La comprensione del proprio sbaglio permette il perdono, apre la strada della rinascita spirituale. Alla fine del racconto, il Cielo appare tutt’altro che ingiusto: nel loro incontro dopo la morte, mentre camminano su una lunga strada fiorita, l’abate continua a maltrattare il contadino che si dimostra al contrario umile e compassionevole.

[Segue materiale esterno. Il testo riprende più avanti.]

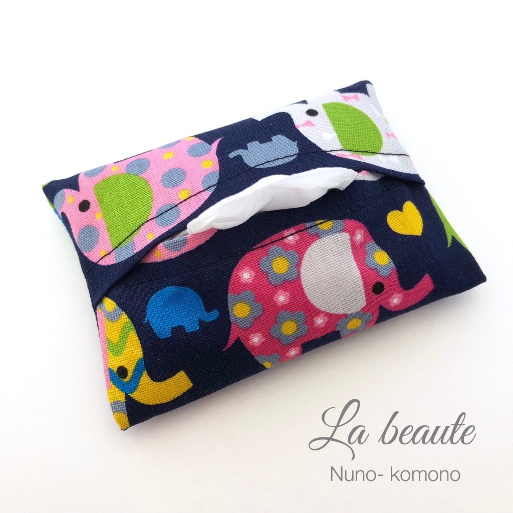 ポケットティッシュケース 子供 女の子 ミニ ぞうさんネイビー ポケットティッシュカバー 子供用 子ども
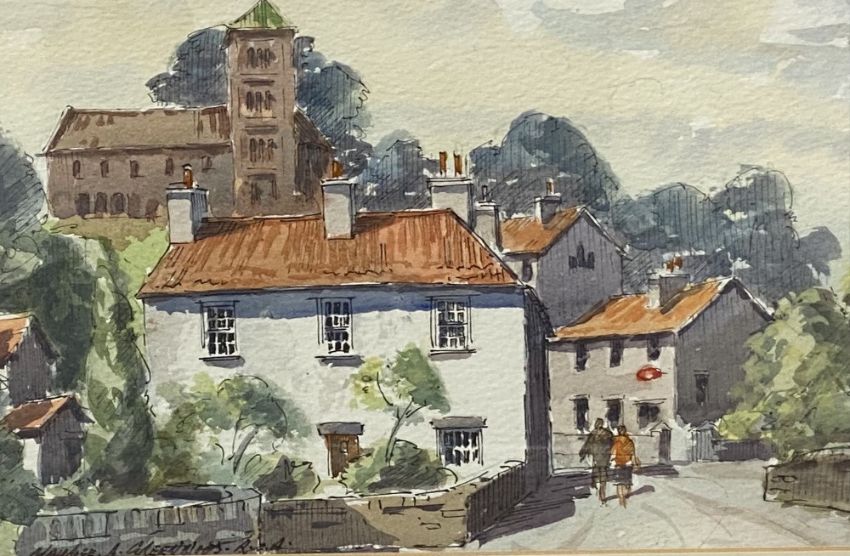 MAURICE A GREENWOOD RCA watercolours, two - townscape with figures walking, signed, 18 x 28cms, whitewashed cottage on a lane, signed, 25 x 35.5cms and a pen and ink sketch of sheep on a hillside, 21 x 31cms
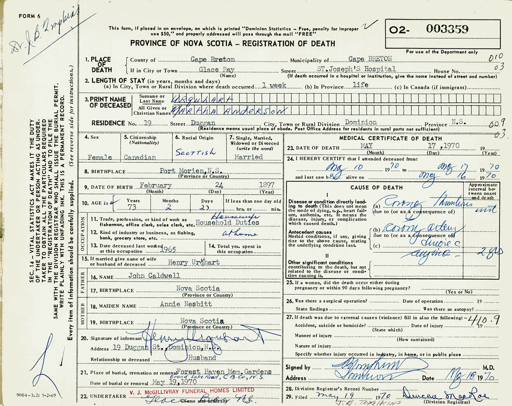 1. PLACE OF DEATH County of Cape Breton If in City or Town Glace Bay

Il religioso continua ad applicare le categorie umane anche dopo la morte, trascinandosele dietro dal mondo dei vivi: dall’alto delle sua posizione sociale, è convinto della propria superiorità rispetto al mite Kikuji, certo che la propria posizione sia sufficiente ad aprirgli la strada per il paradiso. Ma la giustizia sovrumana non sembra interessata allo status sociale. Trascinando la gamba, il contadino viene indirizzato sul sentiero di destra, quello che conduce al paradiso; mentre l’arrogante abate viene trasportato, in un risciò non destinato a lui ma che pretende come proprio di diritto, sull’altro sentiero, verso la perdizione.

Il messaggio del racconto è consolatorio ed esprime un totale ottimismo. All’apparente ingiustizia del mondo terreno fa da contrappeso la giustizia suprema della vita dopo la morte; la sofferenza che si prova in vita, percepita come una punizione, è in realtà lo stimolo maggiore per la comprensione delle proprie colpe e porta al raggiungimento della felicità ultraterrena.

Si può leggere in questo una dimensione autobiografica; tormentato dai terribili dolori della tubercolosi, che lo stroncherà alla giovane età di 30 anni, l’autore si confrontava quotidianamente con l’esperienza della sofferenza e questa alimentava la sua riflessione e il suo pensiero; in questa favola si potrebbe leggere quindi il tentativo autoconsolatorio di trovare una spiegazione per il proprio male e al tempo stesso la speranza di una fuga da esso, sia pure nella cornice mistica del mondo ultraterreno.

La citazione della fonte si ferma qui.